Exercise details — Pictures excluded, retype the lines from the one containing "Days 2025」に出展いたします。本年のCybozu Daysのテーマは「ノーコードAIランド」。ジョイゾーは「HAW" through the last line of the data below, both included.

*** Provided data ***

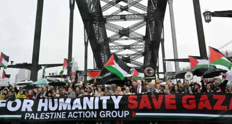 سڈنی : غزہ میں اسرائیلی مظالم کے خلاف آسٹریلیا کے شہر سڈنی میں شدید بارش کے باوجود ہزاروں افراد نے ہاربر برج پر مارچ کیا اور فوری جنگ بندی اور انسانی امداد کی فراہمی کا مطالبہ کیا۔
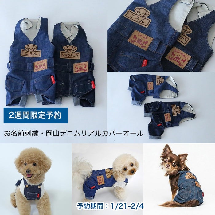予約限定・特別価格で、あの人気デニムが帰ってきた。 ジーンズの産地として名高い岡山デニムを使った、見た目も着こなしも本格派の一着。ステッチやポケット、ベルト風デザインまで、まるで小さなオーバーオールみたいにリアルに仕立てました。 デニムは比較的薄手でやわらかめをセレクト。デニムらしい雰囲気はそのままに、ワンちゃんが動きやすい軽やかな着心地を目指しています。 そのまま一枚でさらっと着ても可愛いですし、ベストやパーカーと重ね着すれば、ぐっと“こなれた”コーデに。季節をまたいで楽しめるのもデニムのいいところです。 そして、この復刻モデルのいちばんの楽しみは「うちの子仕様」にできること。 背中のお名前刺繍と、腰まわりに付く犬種別タグは、16種類から選択OK。選ぶ時間も、届いてから着せる時間も、特別なワクワクになります。 2週間だけの予約限定&特別価格となりますので、気になる方はぜひお早めにチェックしてくださいね。
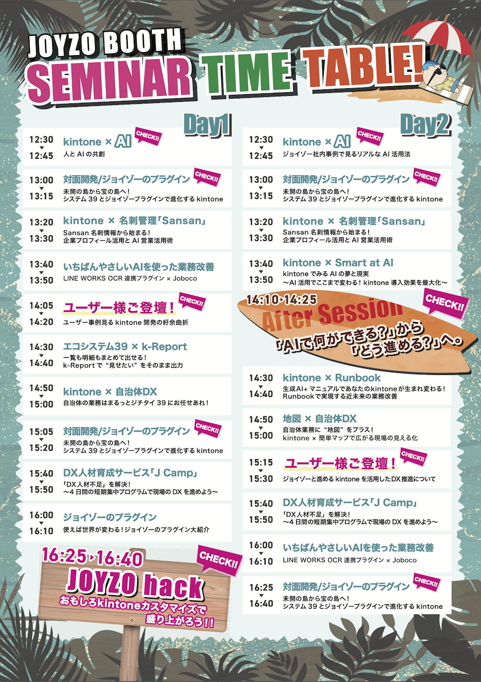 ジョイゾーは、2025年10月27日(月)・28日(火)に幕張メッセで開催されるサイボウズ株式会社主催の「Cybozu Days 2025」に出展いたします。本年のCybozu Daysのテーマは「ノーコードAIランド」。ジョイゾーは「HAW “AI” I」をテーマに、AIと伝統が融合する南国の島をイメージしたブースを展開し、ノーコードとAIが切り拓く業務改善の未来を体感していただきます。
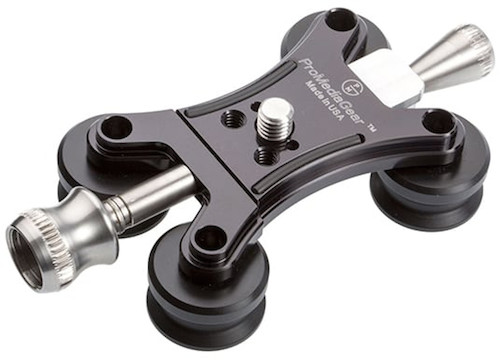 ProMediaGear introduces the world’s first dual action slider, featuring a straight and curved track in one slider body. The two tracks are CNC machined from solid block of lightweight AL 6061-T6 aircraft quality aluminum, and the entire 24inch slider weighs just 3 pounds. It can be used as tabletop slider with fold-able legs on each side as well as attached to a tripod or tripods/light stands via standard threads in the middle or outside edges on both tracks. The sliding track consists of a clamp with 8 roller bearings inside 4 Delrin® custom wheels (2 roller bearings per wheel), providing unparalleled stability and low resistance for smooth motion. The big knob on the carriage opens it up and let’s you attach it back onto other side of the slider, small knob locks the slider into position for easy transportation. Small size, ease of use and lightweight construction are going to be a favorite among run and gun shooters.

*** End of Provided data ***

Solution to this task —
 ジョイゾーは、2025年10月27日(月)・28日(火)に幕張メッセで開催されるサイボウズ株式会社主催の「Cybozu Days 2025」に出展いたします。本年のCybozu Daysのテーマは「ノーコードAIランド」。ジョイゾーは「HAW “AI” I」をテーマに、AIと伝統が融合する南国の島をイメージしたブースを展開し、ノーコードとAIが切り拓く業務改善の未来を体感していただきます。
 ProMediaGear introduces the world’s first dual action slider, featuring a straight and curved track in one slider body. The two tracks are CNC machined from solid block of lightweight AL 6061-T6 aircraft quality aluminum, and the entire 24inch slider weighs just 3 pounds. It can be used as tabletop slider with fold-able legs on each side as well as attached to a tripod or tripods/light stands via standard threads in the middle or outside edges on both tracks. The sliding track consists of a clamp with 8 roller bearings inside 4 Delrin® custom wheels (2 roller bearings per wheel), providing unparalleled stability and low resistance for smooth motion. The big knob on the carriage opens it up and let’s you attach it back onto other side of the slider, small knob locks the slider into position for easy transportation. Small size, ease of use and lightweight construction are going to be a favorite among run and gun shooters.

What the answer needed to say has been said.